Read Rift Online

Authors: Kay Kenyon

Rift (13 page)

The creature was looking over Reeve’s shoulder again, its eyes sunk in their sockets like emeralds in snow. Then, slowly, it clutched its giant fingers over the geode and plucked it from Reeve’s trembling
hands. Finally, with a swift punch, it thumped Reeve in the chest, sending him sprawling onto his back.

When Reeve gathered himself up again the orthong was loping down the beach, its sack riding easily over its shoulder as though it contained oranges and not a bunch of fifteen-pound stones.

More splashing, and then Marie, Spar, and Loon were at his side, staring after the creature. Marie and Loon crouched down to examine Reeve’s bleeding chest.
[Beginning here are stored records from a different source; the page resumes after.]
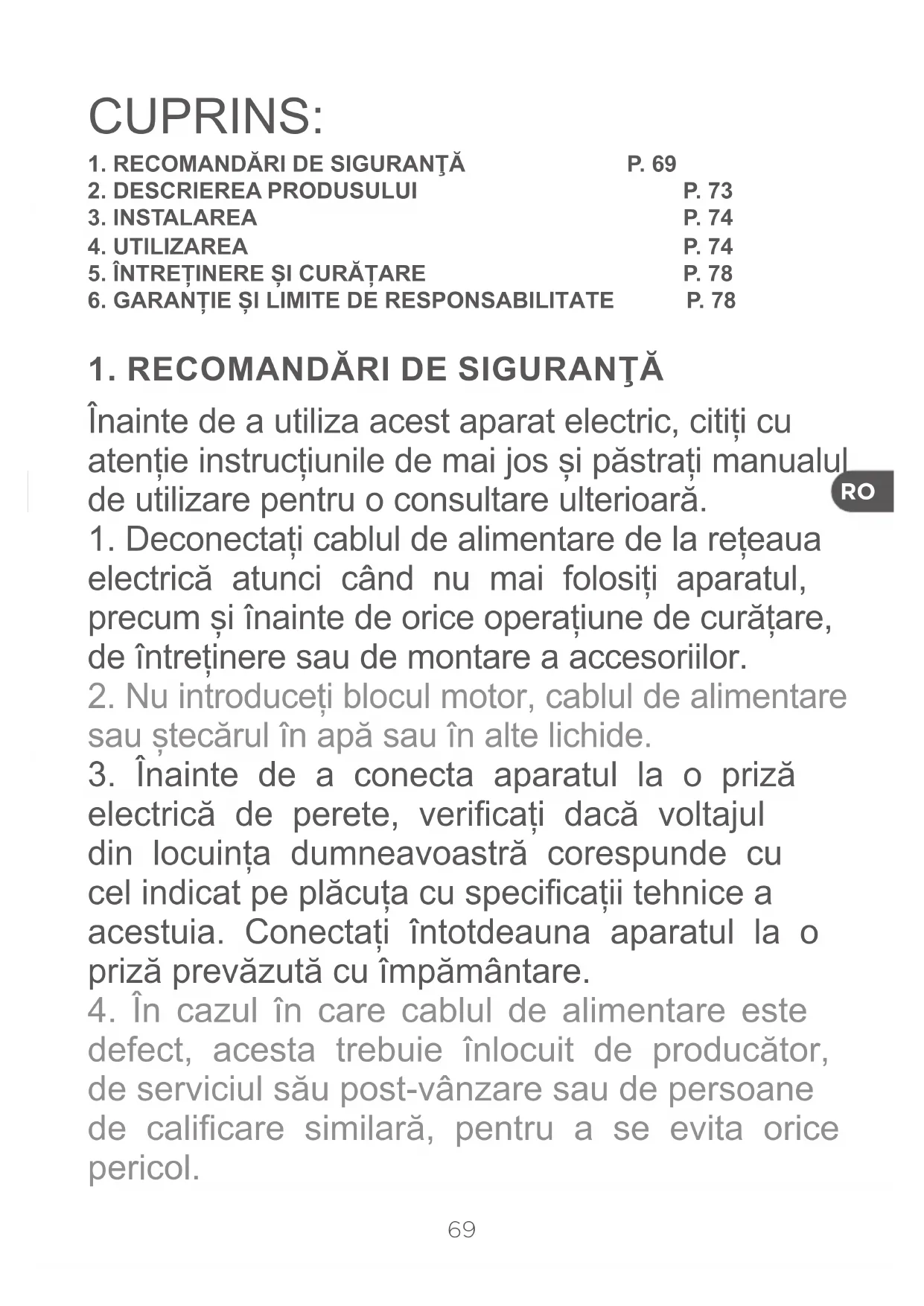 Înainte de a utiliza acest aparat electric, citiți cu atenție instrucțiunile de mai jos și păstrați manualul de utilizare pentru o consultare ulterioară.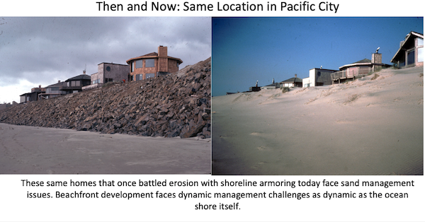 Climate change is already exacerbating these challenges along our coastline. At the south end of Pacific City, you can see in the below photo a stark example of how shifting El Nino patterns, prevailing winds and increased storm activity can further these extreme coastal management challenges. The photo at left is from the late 70s and the photo at right is a few years later in the early 80s. One year's increased storm activity can lead to shoreline armoring with rip rap to protect homes from the ocean, while the next year those same homes might be bulldozing sand off the house. The narrow margin of our public beaches will continue to get squeezed from both directions and these private and public property rights will be continually challenged.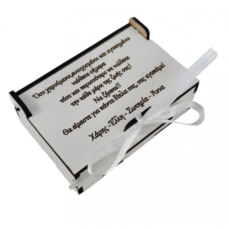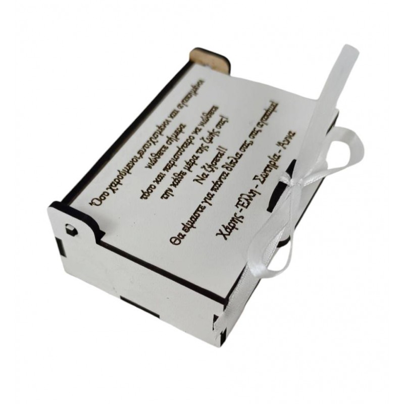 Ετικέτες: Ξέχασε τον κλασικό φάκελο! Χάρισε τα χρήματα του γάμου μέσα σε ένα ξύλινο κουτί με τη δική σου ευχή χαραγμένη στο καπάκι. Ένα δώρο με ψυχή που θα κρατήσει το ζευγάρι για πάντα! Πλάτος 9 εκ Μπορεί να γίνει σε διάφορες διαστάσεις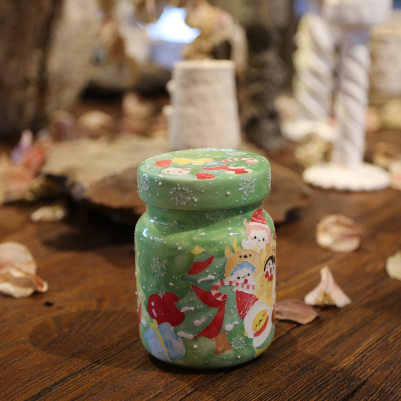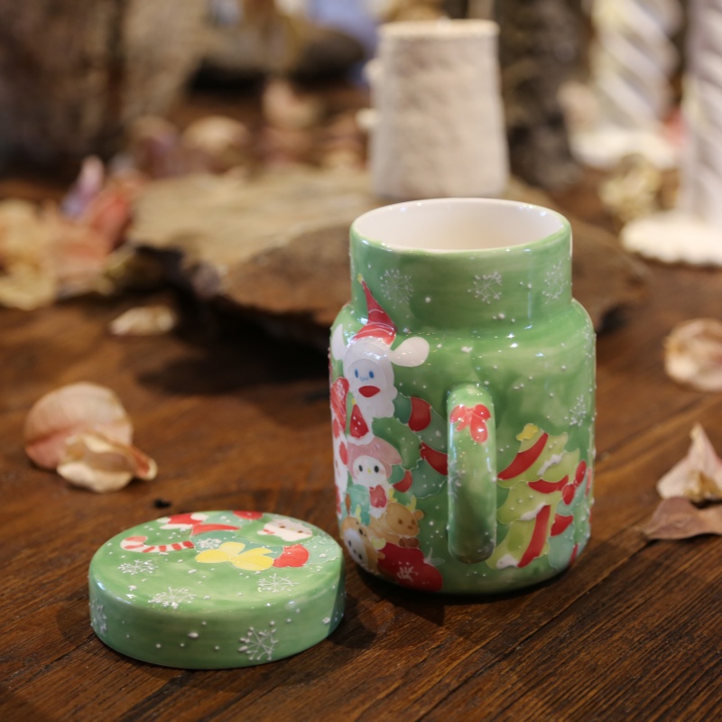 This charming green ceramic mug is a perfect embodiment of Christmas cheer. Its surface is beautifully hand-painted with cheerful, cartoon Santa Claus figures in their iconic red hats, set against a backdrop of delicate snowflakes. The matching lid, dotted with tiny white specks like falling snow, completes the festive look. Crafted for comfort with a sturdy handle, this mug is ideal for enjoying hot cocoa or cider during the holiday season. The classic red and green color scheme radiates a warm, inviting glow, making it a delightful centerpiece for any cozy winter setting.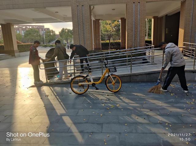 第四组在教学楼开展了他们的志愿服务,清扫了教学楼附近的落叶。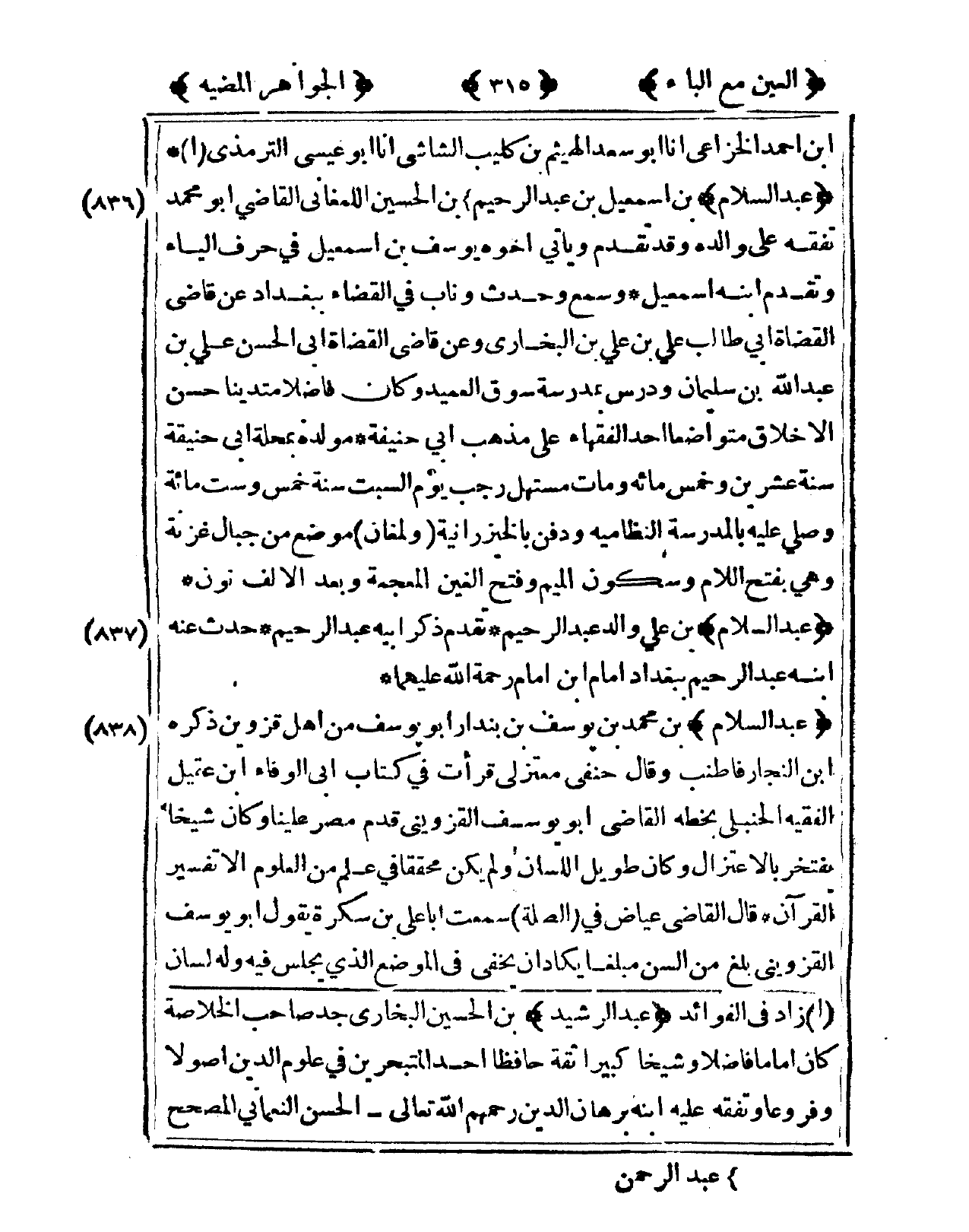 837 - عبد السَّلَام بن عَليّ وَالِد عبد الرَّحِيم تقدم ذكر أَبِيه عبد الرحيم حدث عَنهُ ابْنه عبد الرَّحِيم بِبَغْدَاد إِمَام ابْن إِمَام رَحْمَة الله عَلَيْهِمَا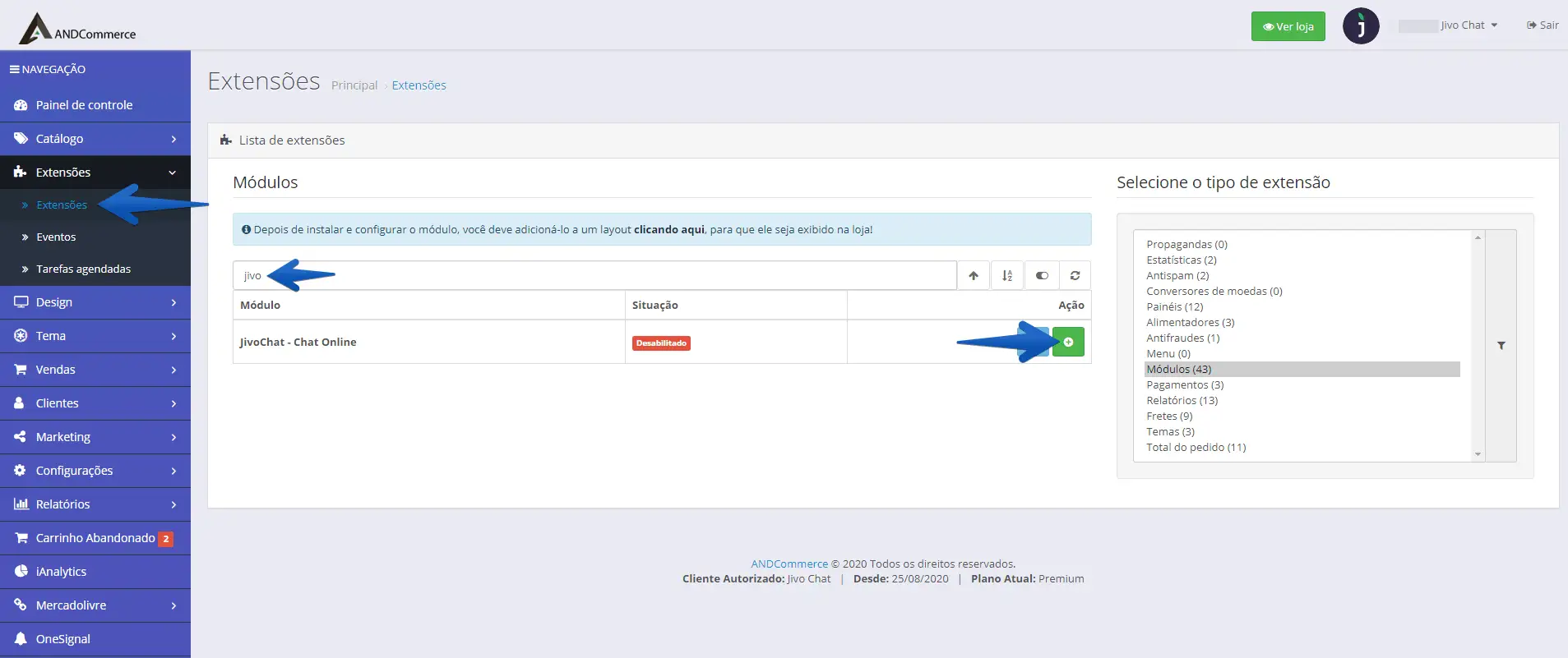 1. Acesse o painel administrativo do ANDCommerce e siga até Extensões -> Extensões -> Pesquise por JivoChat no campo de busca -> Instalar (botão verde).
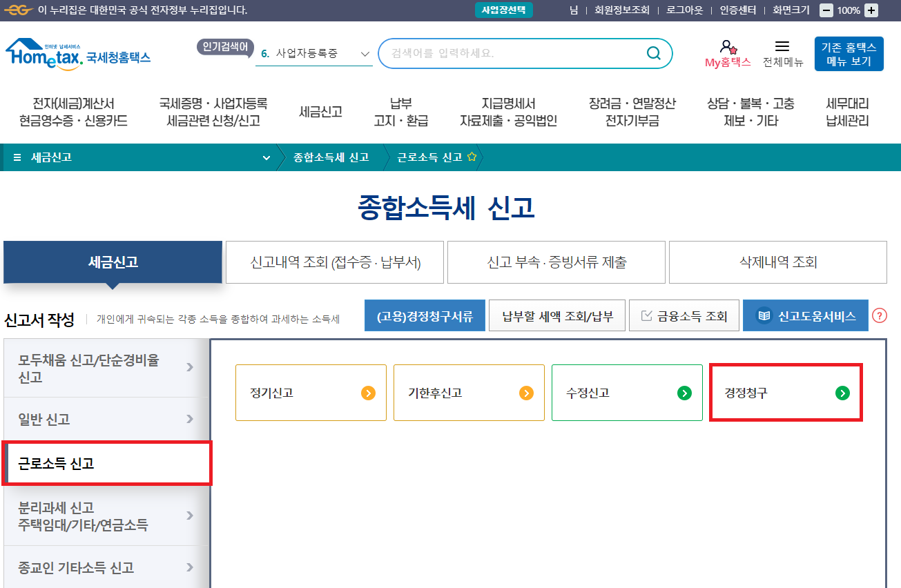 - 우측 경정청구 선택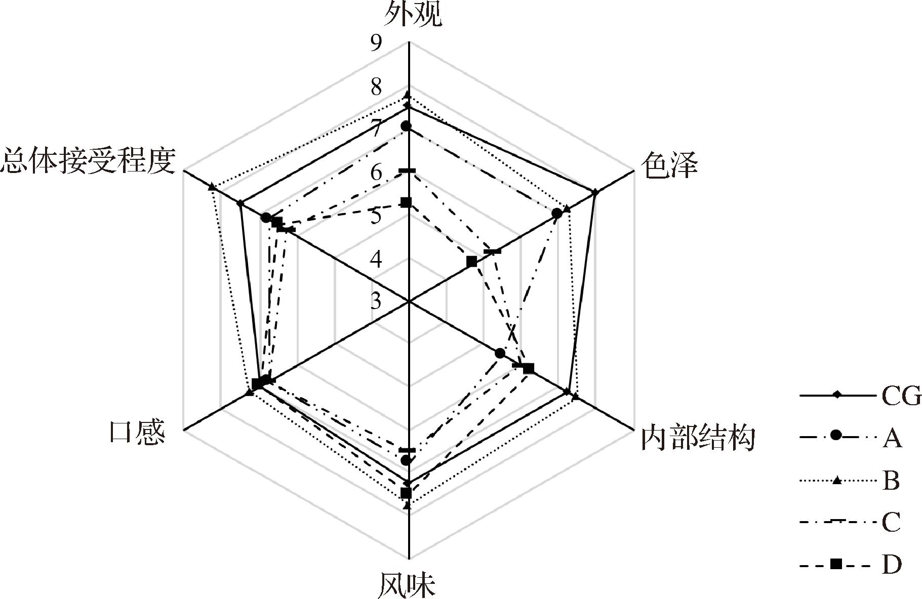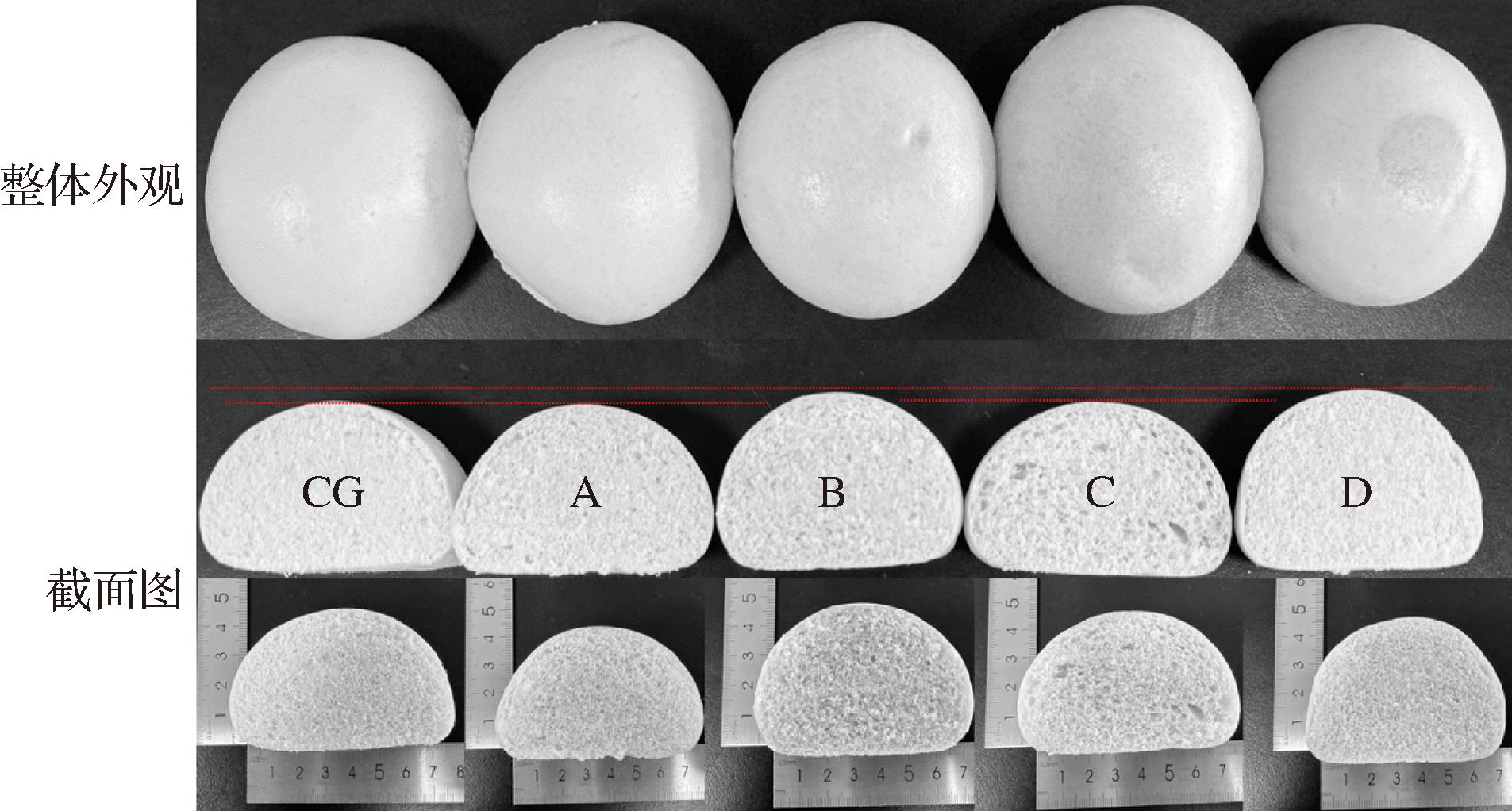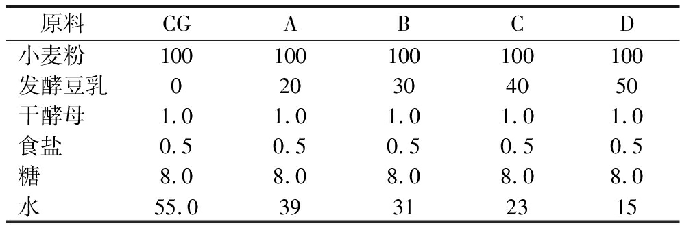 注:CG为普通馒头A、B、C、D分别代表发酵豆乳添加量为20%、30%、40%、50%(质量分数,以小麦粉质量计)的馒头(下同);水的添加量根据发酵豆乳固形物含量进行调整,确保每组加水量相同。

He couldn’t speak. The day gleamed preternaturally bright, and the breeze sang with the rich, deep smells of the world. He looked into Loon’s eyes. “I’m sorry,” he heard himself saying. “For what I said.” He turned to look into Marie’s worried face. “Sorry,” he said again.

Spar reached out a hand and pulled him to his feet.

Reeve felt a sharp stab under his fingernail. Swearing, he yanked out a half-inch splinter of wood.

Spar laughed silently, showing his crooked teeth. He continued lashing the pieces of framing wood together, using a length of salvaged rope.

Reeve sucked on his hurt finger, glaring at the claver.

Shaking his head, Spar said: “Guess they don’t teach you how to build rafts up there in the sky, now do they.”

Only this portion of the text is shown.